The 165% increase in noninterest income compared to the second quarter of 2019 was primarily due to an $8.0 million increase in gain on sale of loans and a $4.3 million increase in mortgage warehouse fees. Also included in noninterest income for the second quarter of 2020 was a $500,000 negative fair market value adjustment to mortgage servicing rights, which compared to a $2.9 million negative fair market value adjustment for the second quarter of 2019.

The 32% increase in noninterest income compared to the first quarter of 2020 was primarily due to a $7.4 million increase in loan servicing fees and $2.7 million increase in mortgage warehouse fees, that were partially offset by a $4.1 million decrease in gain on sale of loans.   Included in loan servicing fees for the second quarter of 2020 was a $500,000 negative fair market value adjustment to mortgage servicing rights, which compared to a $6.5 million negative fair market value adjustment for the first quarter of 2020.

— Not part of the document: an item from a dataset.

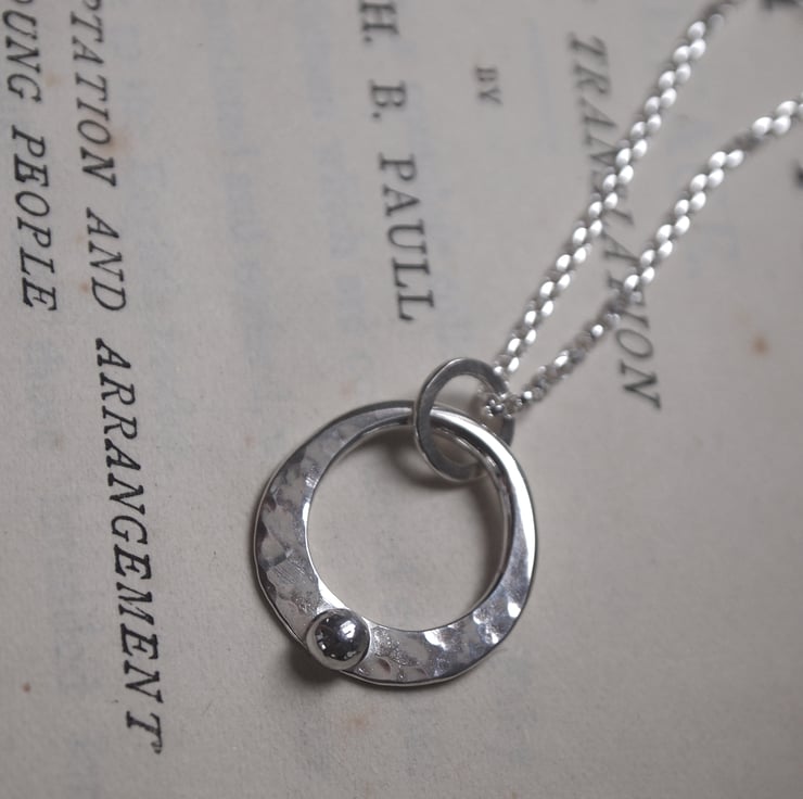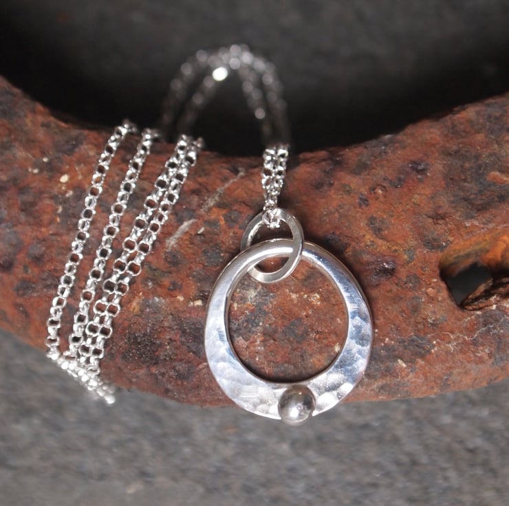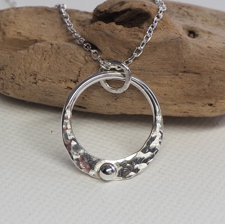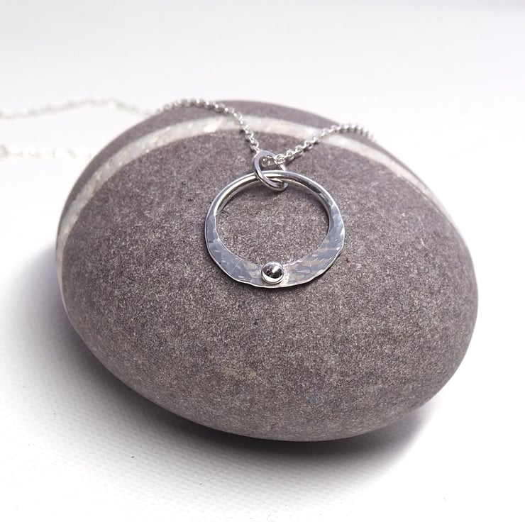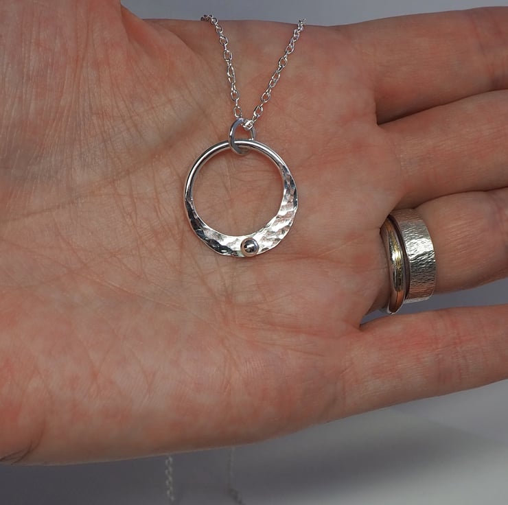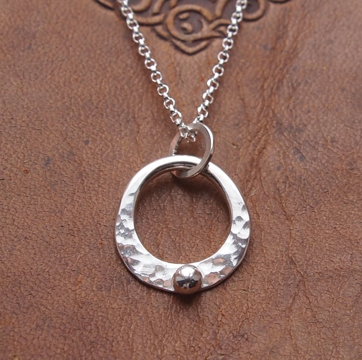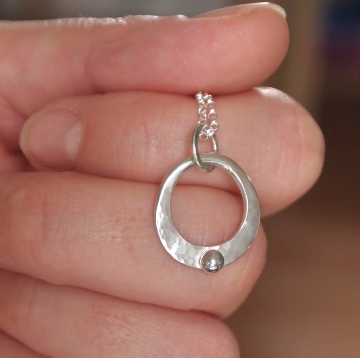 This unisex pendant is formed from a ring of Argentium silver 940 that has been hammered along one side to flatten it. A dimpled surface texture has been added by further hammering and a little ball of recycled sterling silver has been added to embellish the design.

At June 30, 2020, the mortgage servicing rights asset was valued at $72.9 million, a decrease of 2% compared to both June 30, 2019 and December 31, 2019.  The value of mortgage servicing rights generally declines in falling interest rate environments and increases in rising interest rate environments.

Noninterest Expense
Noninterest expense of $20.3 million for the second quarter of 2020 increased $4.4 million, or 27%, compared to the second quarter of 2019 and decreased $2.0 million, or 9%, compared to the first quarter of 2020. 

The 27% increase in noninterest expense compared to the second quarter of 2019 was due primarily to a $1.9 million, or 19%, increase in salaries and employee benefits to support business growth and a $1.6 million, or 749%, increase in deposit insurance related to the growth in deposits and assets.    The efficiency ratio of 26.2% for the second quarter of 2020 compared to 42.1% for the second quarter of 2019.

The 9% decrease in noninterest expense compared to the first quarter of 2020 was primarily due to a $2.4 million, or 17%, decrease in salaries and employee benefits that reflected lower commissions on lower gain on sale of loans.  The efficiency ratio of 26.2% for the second quarter of 2020 compared to 38.3% for the first quarter of 2020.

Segments
For the second quarter of 2020, net income for Mortgage Warehousing increased 338% compared to the second quarter of 2019, and increased 123% compared to the first quarter of 2020, reflecting significant growth in net interest income from higher loan volume. 

For the second quarter of 2020, net income for Multi-family Mortgage Banking increased 45% compared with the second quarter of 2019, primarily due to a lower negative fair market value adjustment to mortgage servicing rights.  Net income decreased 32% compared to the first quarter of 2020, primarily due to lower gains on sale of loans that were partially offset by a lower negative fair market adjustment to mortgage servicing rights. The second quarter of 2020 included a smaller negative fair market value adjustment than the negative fair value adjustment of $2.9 million for the second quarter of 2019 and the negative fair market value adjustment of $6.5 million for the first quarter of 2020.  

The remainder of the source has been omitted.